Hope someone comes along soon that knows, but either way id say your doing good!
hi,
i was a pretty avid runner, mainly marathons. ok...so you can run 2 miles in 13 minutes? Speed woman!!!! It makes sense that you can run 1.5 miles in 13 minutes, that's an 8.5 minute mile...still really really fast. It's pretty much about distance....the longer you run, the more you burn, speed doesn't have much to do with it, or at least i don't think it does! I usually run an 11-12 min mile for 4 miles
In general, one improves their aerobic conditioning over time by running at a pace that allows you to have a conversation with someone. If you're having trouble carrying a conversation at a given pace, then you're going too fast. As time progresses, you should be able to increase the amount of time that you maintain this pace, which in turn, will lead to an increase in the distances that you run. Over time, this should also lead to an improvement in pace, but the main point is that you achieve the increases in pace after working on the increases in distance and time (and not the other way around).
But if you want to focus on increasing your pace at a given distance, then you need to structure your workouts differently, with more focus on interval training (you alternate between "all-out efforts" and recovery periods of walking or light jogging). While this type of training will help with your speed/pace at a given distance, it won't really do much to improve your ability to run longer distances.
OMG! i didnt think that was that fast lol i guess it is lol. I guess what im aiming for is a decent workout for the days i dont have jazz. I want to make sure 1.5-2 miles is concidered a descent workout. I feel great after i run, yes im breathing pretty hard - I feel good but then i look at the clock and realize god i only worked out for 13mins?? I guess i could try doing another lap around with a mix of running and walking? Do u think thats a descent work out??
How many cals would u say im burning running the 1.5 miles in 13min?? I plugged it once and it said like 143 cals is that right???
One thing you might want to do the next time you run outside is to check your heart rate right after you have finished your run. You should aim to be around 65-85% of your maximum rate (220-current age) for aerobic benefits. If your heart rate is higher, then you are working out too hard for aerobic purposes.

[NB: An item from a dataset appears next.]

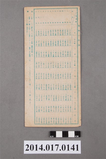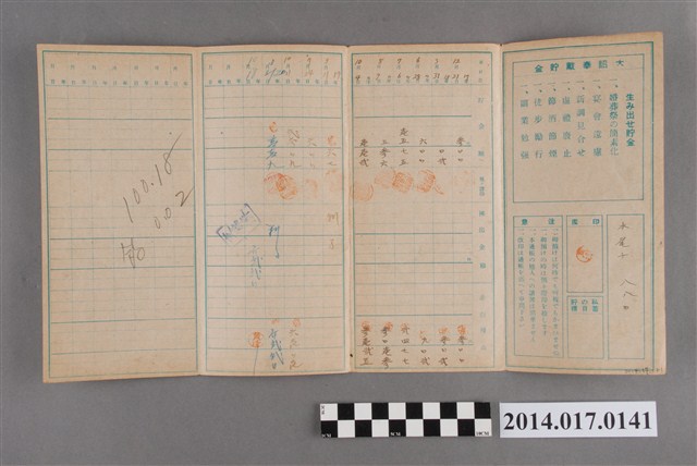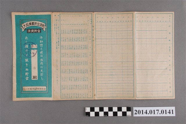 地址登載為水尾子880。本物件為戰爭期間1943年~1945年期間後龍、公司寮、水尾子、二張犁、大山腳、頭湖、崎頂等地人民之銷帳儲金簿,內頁印有大詔奉戴字樣,並以婚葬儀式簡化、宴會遠慮、新謁見合せ、虛禮廢止、節酒節煙、徒步勵行、副業勉強倡導儲金,另外印有儲簿規定如:不許轉讓、改印需申請等,背頁附有複利合計表。大詔指的是1941年對美、英兩國之宣戰詔書,1942年起每個月8日定為大詔奉戴日,為日本政府為太平洋戰爭所運作的國民運動,隨著戰爭規模擴大,戰時有各項國民強迫儲蓄的舉措,以支援前線戰事,1938年日本政府為因應中日戰爭即推行有愛國儲蓄運動,本物件則為1942年後因應戰爭規模擴大後之儲蓄項目,范雅鈞指出本儲金簿為強制存款,直接由薪資扣除。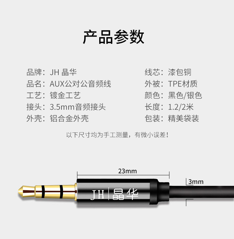 Jinghua aux Audio Cable Double-ended Docking 3.5mm Audio Cable Car AV Audio Headphone Extension Cable Speaker Cable

As a rule of thumb 80% of your running should be at a comfortable, easy pace. You don't say whether that pace for you is an all-out effort, or an easy one. If it's all-out effort, slow it down. If it's an easy effort, then just try extending it bit by bit every week.
The common (though sometimes debatable) wisdom is to increase no more than 10% each week to avoid injuries- that can be based on mileage OR time. I tend to focus on time more than mileage, but that's because I'm a really slow runner!
So for example if you are currently running 2 miles x 3 days that's 6 miles. Next week you can aim to run a total of 6.6 miles. You can do this by adding 0.2 miles to each run, or adding 0.6 miles to one run. I would recommend you add 0.2 miles to each run, until you're up to 30 minutes x 3 days; then if you want to keep increasing, add to just one day to make it your "long" run.
If you're doing this based on time, then 13 minutes x 3 = 39 minutes. Next week you could strive for 39 minutes + 4 minutes = 43 minutes total.
WRM & JEN thanks for the quick replys. Im going to run the path i usually run 2xs. The second time maybe slow it down a lil if i feel exerted. When i run i push myself pretty hard i think. Im thinkin 3mph??? Thanks again everyone. Last question - so would you think that what im doing is considered a decent workout for the days i dont jazz. I also do crunches and core workouts for about 30 mins everyday on top of all this. Is the running good from your point of view? Or just a meesely work out?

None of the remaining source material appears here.